Search code examples
sitecorelucene.netsitecore8accent-insensitive

Sitecore lucene greek search is accent sensitive?


On a default Sitecore 8 installation, I have a bucket with quite a few items in it. When I issue a content search query on a RTE field in the Greek language, it seems that Sitecore treats the search term in an accent sensitive way, which is wrong for Greek.

Can someone point me to the right direction into making the index accent insensitive for Greek?


Solution

  • It seems that the issue was with the way Sitecore understands cultures and assigns culture execution context to its searches and indexes.

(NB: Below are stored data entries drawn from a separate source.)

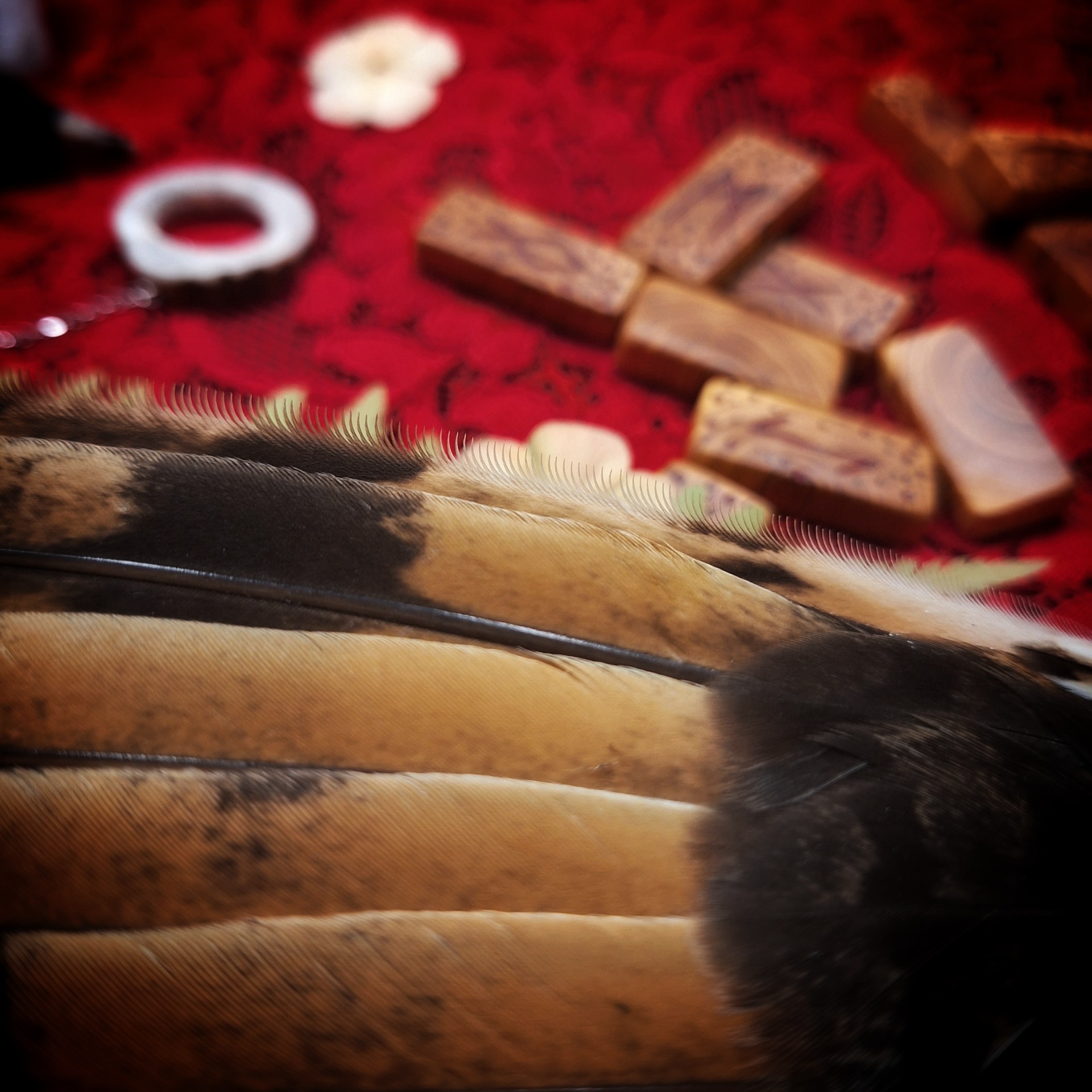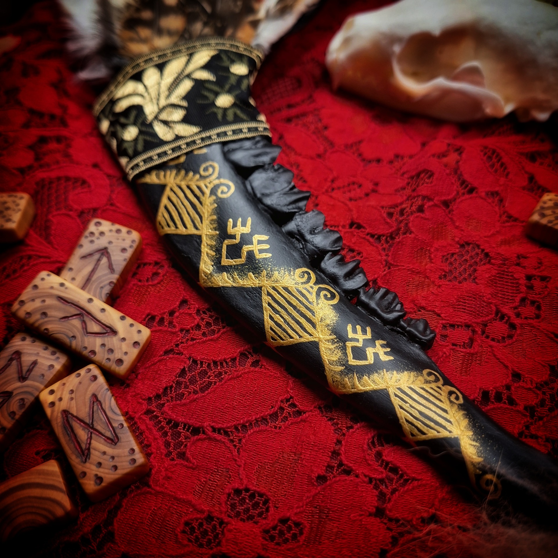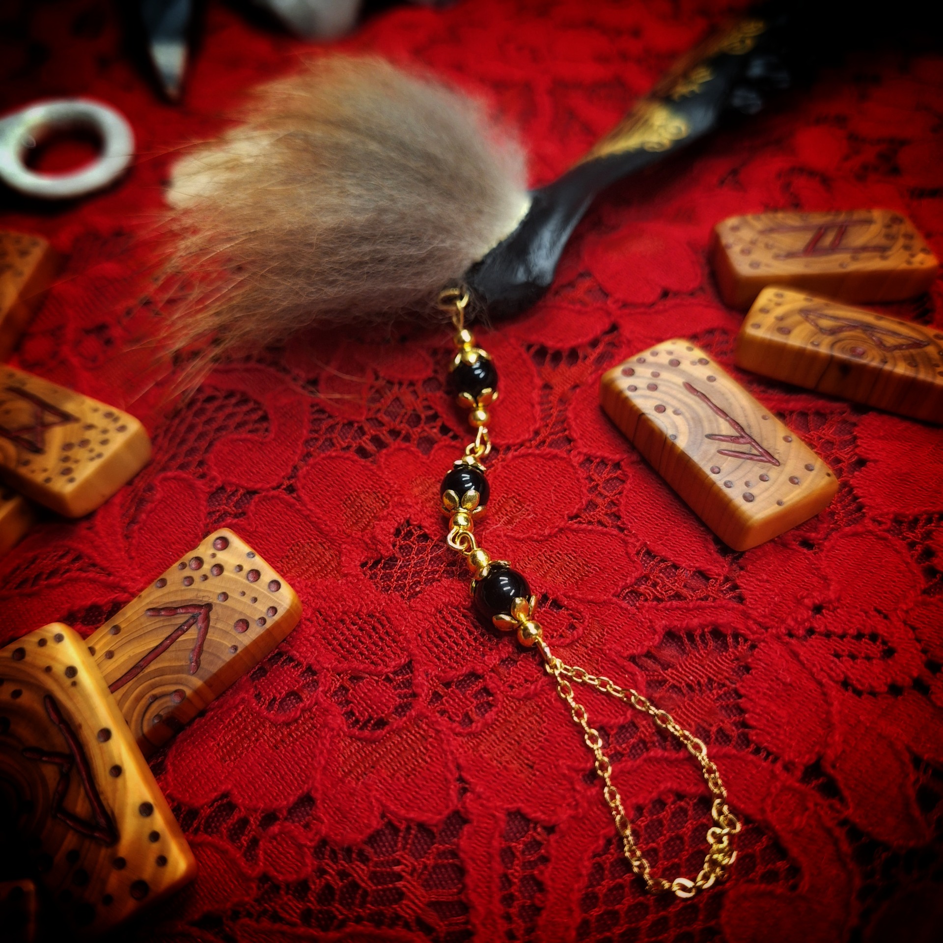 Majestátní vějíř v černo-zlatém provedení pro velké rituály. Do zdobené srnčí čelisti je vloženo celé křídlo kalouse ušatého, které na druhém konci doplňuje kousek liščí kožešiny a závěsné řetízkové očko s obsidiány.
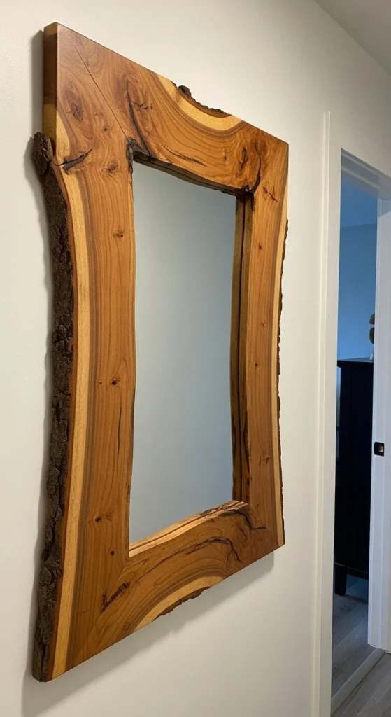 Live edge wood frames feel custom and natural. Use a single slab or join a few narrow pieces. Sand lightly to smooth rough spots, but keep the organic edge. Apply a light coat of clear sealant for protection. Organic luxury on a budget comes from sourcing scrap or reclaimed wood. Glue and small corner brackets keep it stable. Perfect for hallways or bedrooms. Costs vary, often $30–$45.
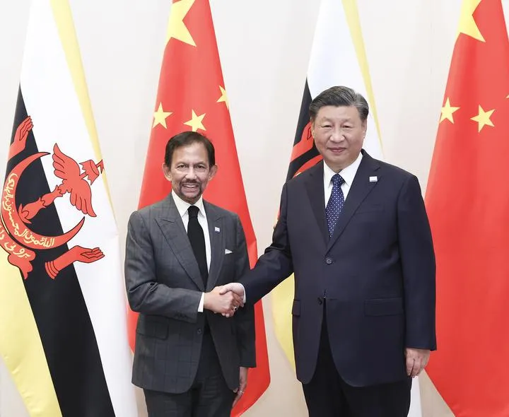 چین کے صدر شی جن پھنگ امریکہ کے شہر سان فرانسسکو میں برونائی کے سلطان حسن البولکیہ سے ملاقات کرتے ہوئے۔(شِنہوا)
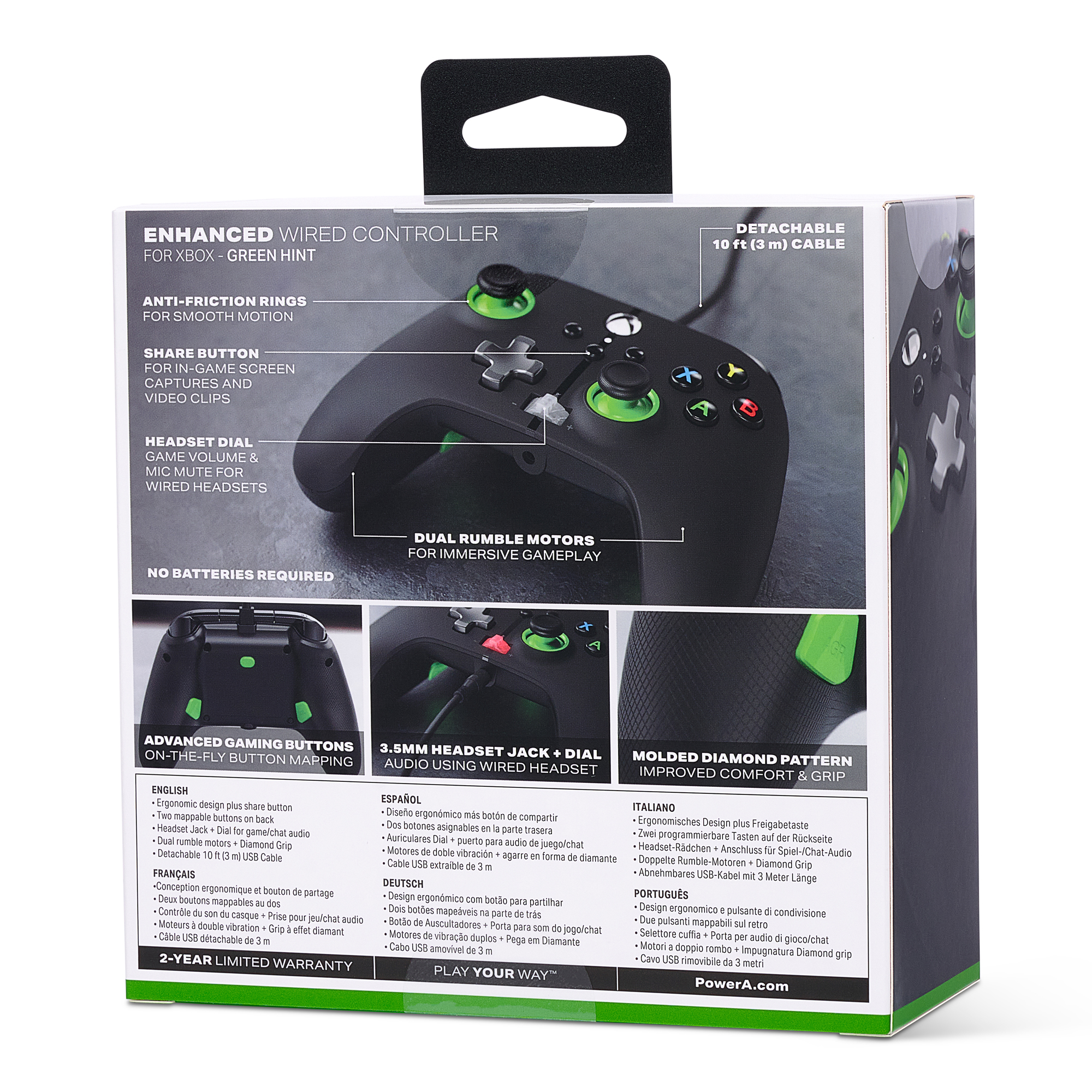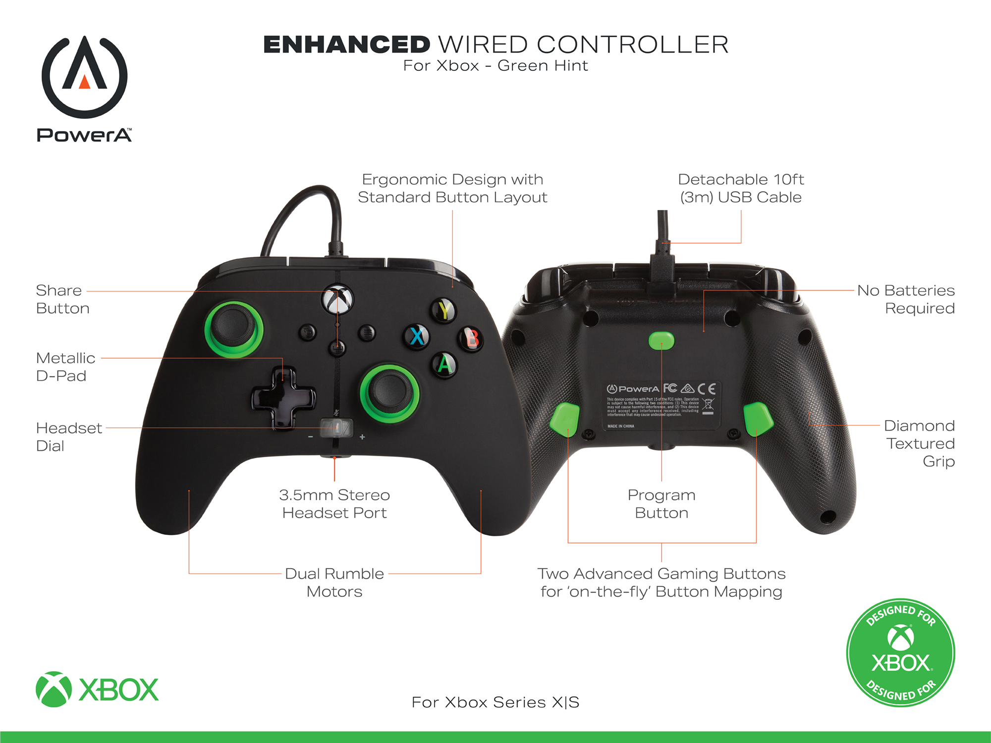 PowerA Enhanced Wired Controller for Xbox Series X|S, Xbox One, Windows 10/11 - Green Hint (Officially Licensed)
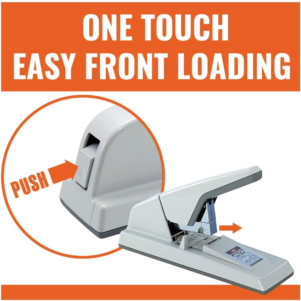 - One Touch easy front loading mechanism loads 100 strip of heavy duty staple
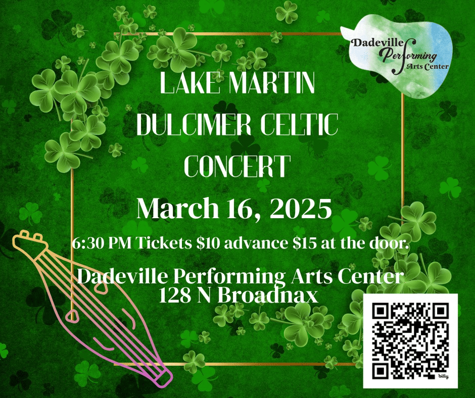 Lake Martin Dulcimer Club invites you to join us at the Dadeville Performing Arts Center for a Celtic performance. Tickets: $10 advance, $15 at the door. Just scan the QR code to get yours today.
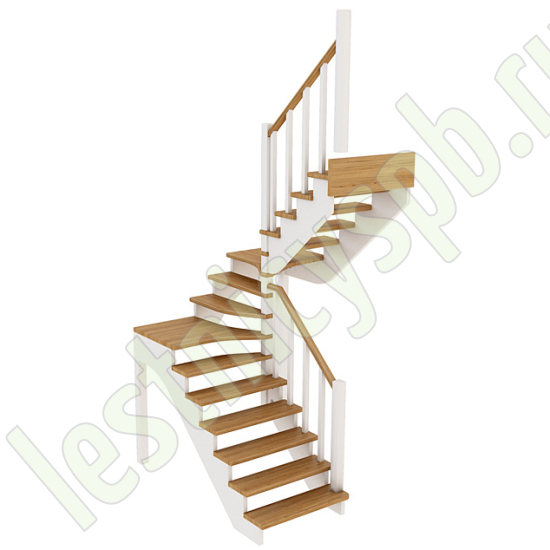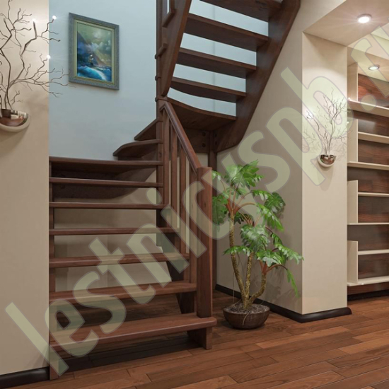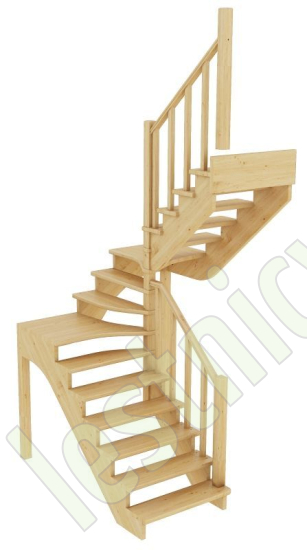 Ограждение лестницы с одной стороны. Базовый комплект включает в себя деревянные элементы лестницы и ограждения без какого-либо покрытия.

    For the particular solution, we had renamed the "el-GR" language to "el" (to show "nicely" in the url). In turn, Sitecore was assigning a CultureInfo with name "el", not "el-GR". But in the defaultIndexConfiguration config file, the Greek analyzer would be assigned only when the CultureInfo of the CultureExecutionContext was el-GR, so the data was actually indexed using the StandardAnalyzer, not the GreekAnalyzer, hence the accent sensitivity.

    We added extra config to cover the case where the CultureInfo has name "el" (copied the "el-GR" config node actually) and after the necessary index rebuild, everything was OK.

    It is rather obscure though why Sitecore would go and alter the name of the CultureInfo object...